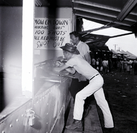 KEL 653 Two men play a shooting game on the Midway at the Twin Falls County Fair. A sign on the wall reads "Mow Em Down Machine Guns, 100 Shots, All Reds Must Be Shot Out." The man in the foreground is wearing a cowboy hat and hunched over with the rifle in his hand. Groups of people browse the Midway booths in the background.
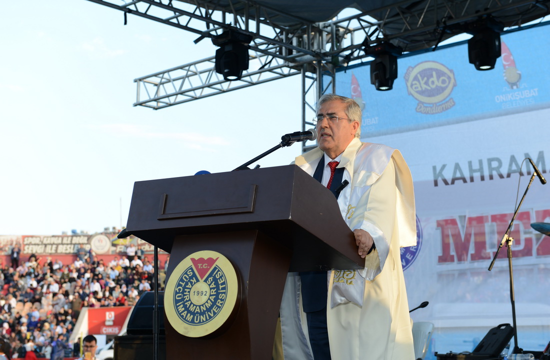Üniversitede yürütülen faaliyetlere destek olan başta Kahramanmaraş Valiliği olmak üzere bütün kurum ve kuruluşlara şükranlarını sunan Rektör Can, mezuniyet töreninin gerçekleştirilmesine katkı sunan Onikişubat Belediyesi adına Belediye Başkanı Sayın Hanefi Mahçiçek ve Akdo Pastaneleri Yönetim Kurulu Başkanı Sayın Ahmet Davarcıoğlu’na teşekkürlerini ifade etti.
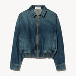 Easy fit denim jacket. Shorter body. Blouson effect at back. Elastic waistband. Welt pockets. Logo zipper at center front. Shank closure at sleeves. Back center seam.

About this task =>
Down to the last line, reproduce the material above exactly; skip its images.

Output for this exercise =>
 KEL 653 Two men play a shooting game on the Midway at the Twin Falls County Fair. A sign on the wall reads "Mow Em Down Machine Guns, 100 Shots, All Reds Must Be Shot Out." The man in the foreground is wearing a cowboy hat and hunched over with the rifle in his hand. Groups of people browse the Midway booths in the background.
Üniversitede yürütülen faaliyetlere destek olan başta Kahramanmaraş Valiliği olmak üzere bütün kurum ve kuruluşlara şükranlarını sunan Rektör Can, mezuniyet töreninin gerçekleştirilmesine katkı sunan Onikişubat Belediyesi adına Belediye Başkanı Sayın Hanefi Mahçiçek ve Akdo Pastaneleri Yönetim Kurulu Başkanı Sayın Ahmet Davarcıoğlu’na teşekkürlerini ifade etti.
 Easy fit denim jacket. Shorter body. Blouson effect at back. Elastic waistband. Welt pockets. Logo zipper at center front. Shank closure at sleeves. Back center seam.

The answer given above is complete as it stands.